Plans for the future of the Belmont Bridge are coming into focus. Charlottesville City Council finally decided on one of the four options on the table.
Council voted 4 to 1 to move forward with the enhanced bridge option. This concept is a traditional highway bridge with horizontal girders supported by piers and will shorten the bridge from more than 440 feet to approximately 205 feet. The new design will have two traditional abutments at each end and two sets of piers to support the bridge in three spans.
The traditional steel girders, which flank each face of the bridge below the roadway deck, could be hidden from view by providing ornamental treatments or by wrapping them in architectural precast.
Councilors were all against the underpass option, mainly citing financial concerns, but it wasn't a unanimous decision when it came to the specific bridge design. Councilor Kathy Galvin wanted to go back to the drawing board and hire a new design team for the project.
"I'm still not convinced that this is truly a new alternative in that what the enhanced bridge does is it does put a new covering over it but that is not what I call a fully integrated design in structural problem solving,” Galvin said.

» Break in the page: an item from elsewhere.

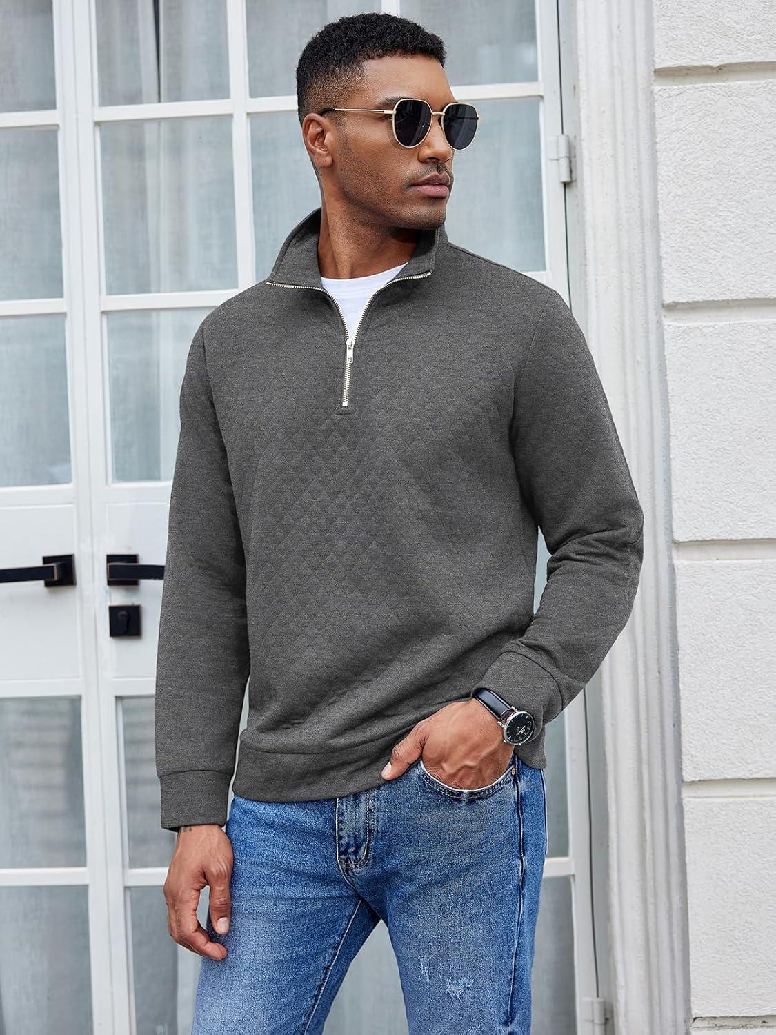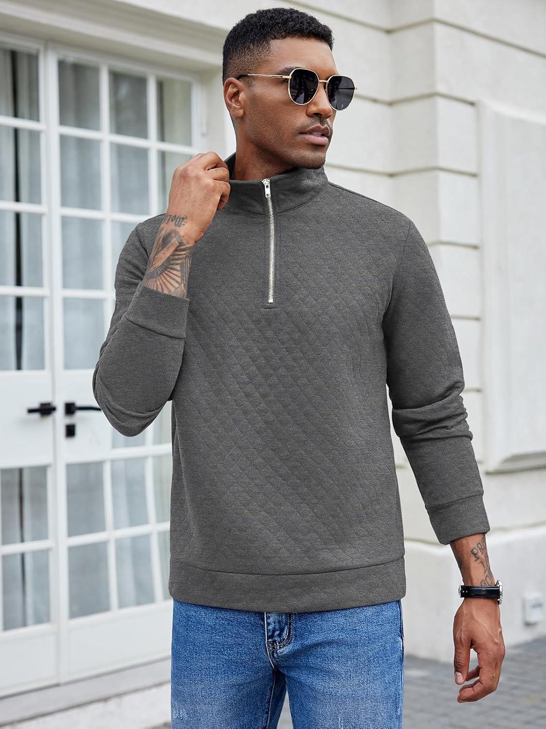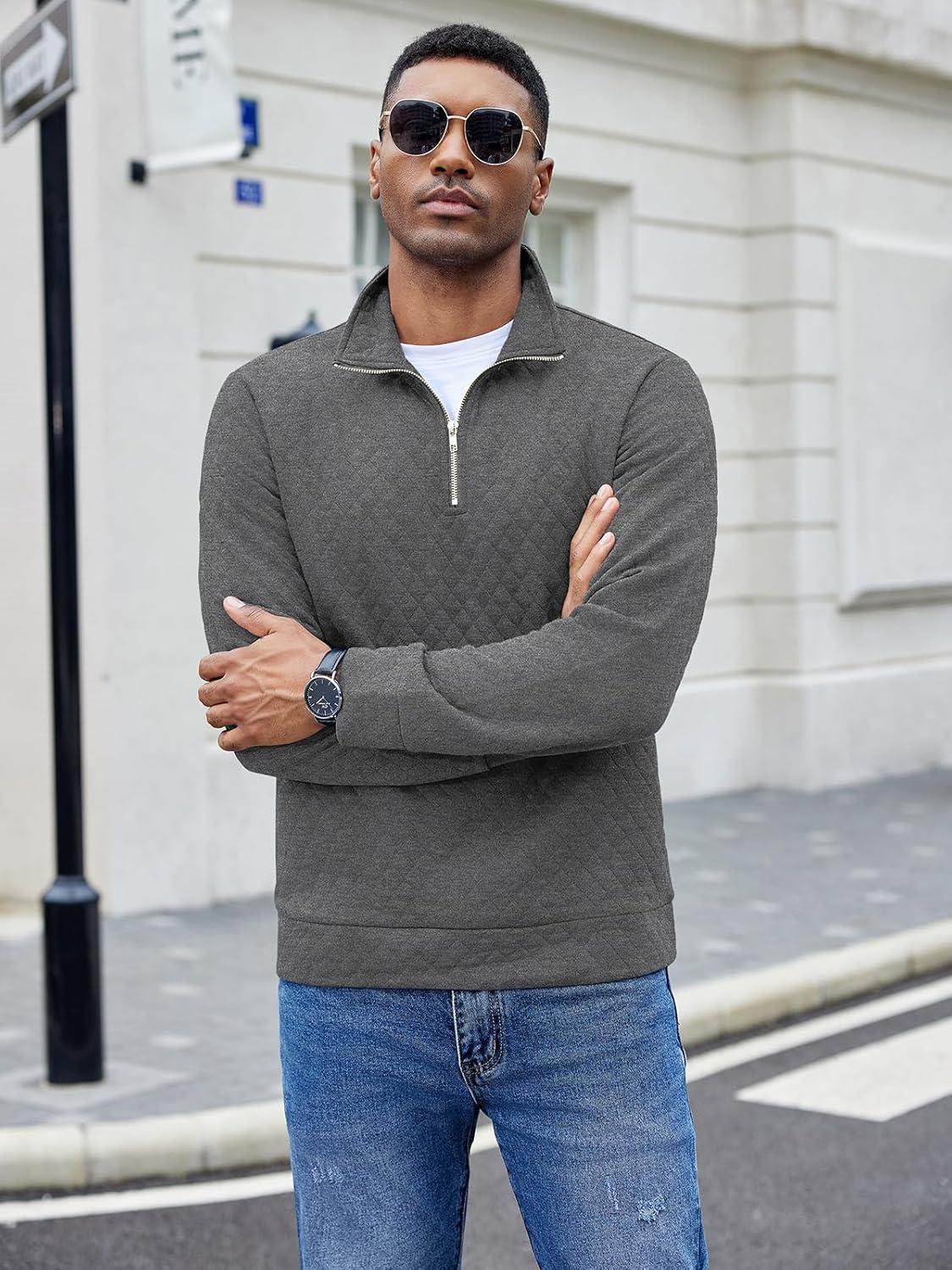 COOFANDY Men’s Fashion Quarter Zip Pullover Long Sleeve Quilted Sweatshirt Plaid Jacquard Polo Mock Neck Sweaters(Dark Grey)

Other councilors all agreed on the enhanced option and did not want to set the project back. Councilor Kristin Szakos voiced financial concerns about delaying the project further, as there was originally about $14 million set aside by the Commonwealth Transportation Board to fund the project, but that’s already dropped by $2 million, leaving the city with just $12.1 million to fund the bridge replacement.
The enhanced bridge option is estimated at a cost of about $17.2 million.